We show the termination of the TRS R:

  g(|0|(),f(x,x)) -> x
  g(x,s(y)) -> g(f(x,y),|0|())
  g(s(x),y) -> g(f(x,y),|0|())
  g(f(x,y),|0|()) -> f(g(x,|0|()),g(y,|0|()))

-- SCC decomposition.

Consider the dependency pair problem (P, R), where P consists of

p1: g#(x,s(y)) -> g#(f(x,y),|0|())
p2: g#(s(x),y) -> g#(f(x,y),|0|())
p3: g#(f(x,y),|0|()) -> g#(x,|0|())
p4: g#(f(x,y),|0|()) -> g#(y,|0|())

and R consists of:

r1: g(|0|(),f(x,x)) -> x
r2: g(x,s(y)) -> g(f(x,y),|0|())
r3: g(s(x),y) -> g(f(x,y),|0|())
r4: g(f(x,y),|0|()) -> f(g(x,|0|()),g(y,|0|()))

The estimated dependency graph contains the following SCCs:

  {p2, p3, p4}


-- Reduction pair.

Consider the dependency pair problem (P, R), where P consists of

p1: g#(f(x,y),|0|()) -> g#(x,|0|())
p2: g#(f(x,y),|0|()) -> g#(y,|0|())
p3: g#(s(x),y) -> g#(f(x,y),|0|())

and R consists of:

r1: g(|0|(),f(x,x)) -> x
r2: g(x,s(y)) -> g(f(x,y),|0|())
r3: g(s(x),y) -> g(f(x,y),|0|())
r4: g(f(x,y),|0|()) -> f(g(x,|0|()),g(y,|0|()))

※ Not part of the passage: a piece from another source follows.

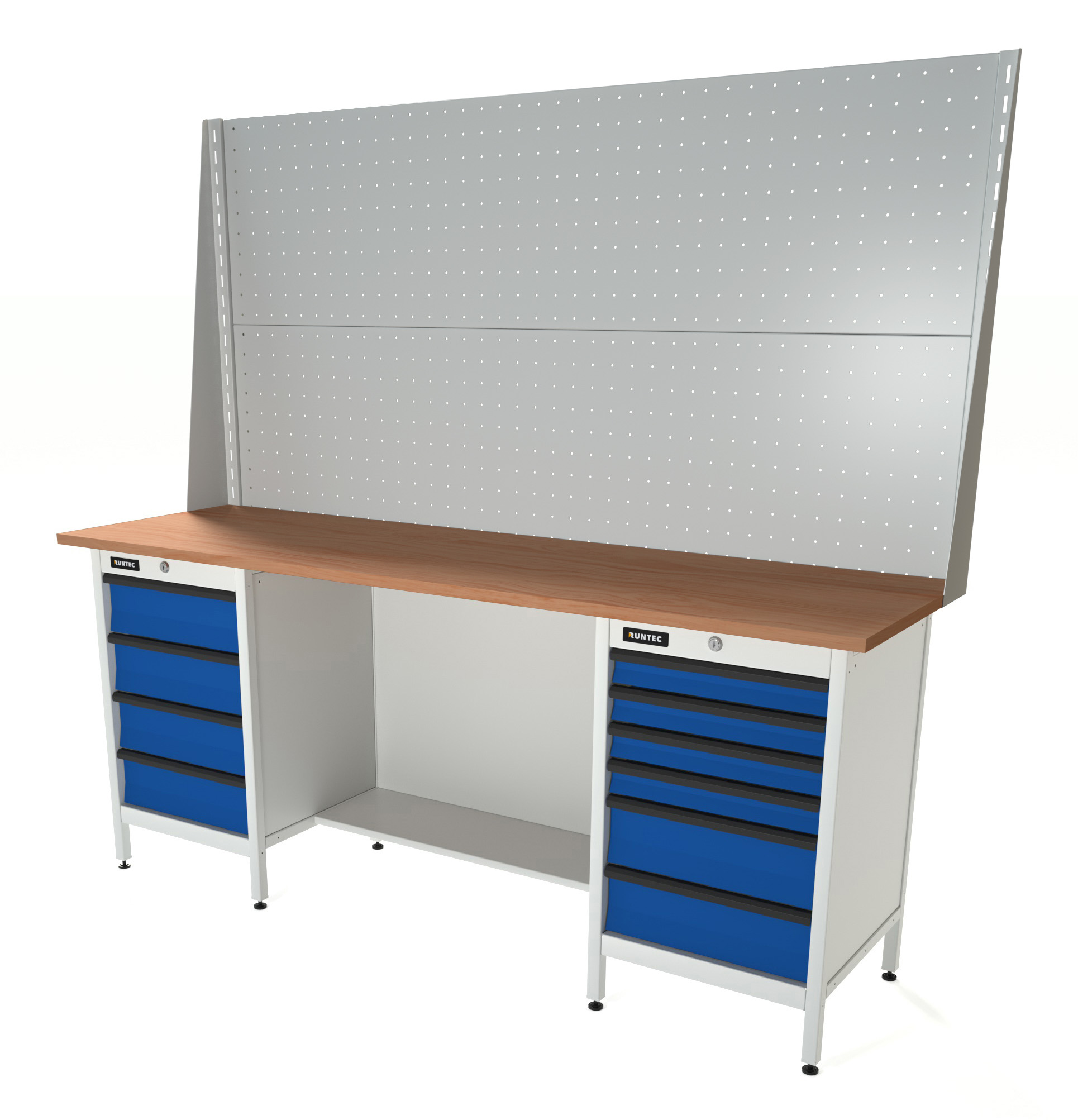 Верстак серии Standart, 2000 мм, фанера, тумба с 4-мя ящиками + тумба с 6-ю ящиками, экран 1000, синий (светло-серый) RA

The set of usable rules consists of

  (no rules)

Take the reduction pair:

  lexicographic combination of reduction pairs:
  
    1. matrix interpretations:
    
      carrier: N^2
      order: standard order
      interpretations:
        g#_A(x1,x2) = ((0,1),(1,0)) x1 + ((0,1),(1,0)) x2
        f_A(x1,x2) = ((1,1),(1,1)) x1 + x2 + (1,1)
        |0|_A() = (1,1)
        s_A(x1) = ((1,1),(1,1)) x1 + (2,3)
    
    2. matrix interpretations:
    
      carrier: N^2
      order: standard order
      interpretations:
        g#_A(x1,x2) = (0,0)
        f_A(x1,x2) = (1,1)
        |0|_A() = (1,1)
        s_A(x1) = (1,1)
    

The next rules are strictly ordered:

  p1, p2, p3

We remove them from the problem.  Then no dependency pair remains.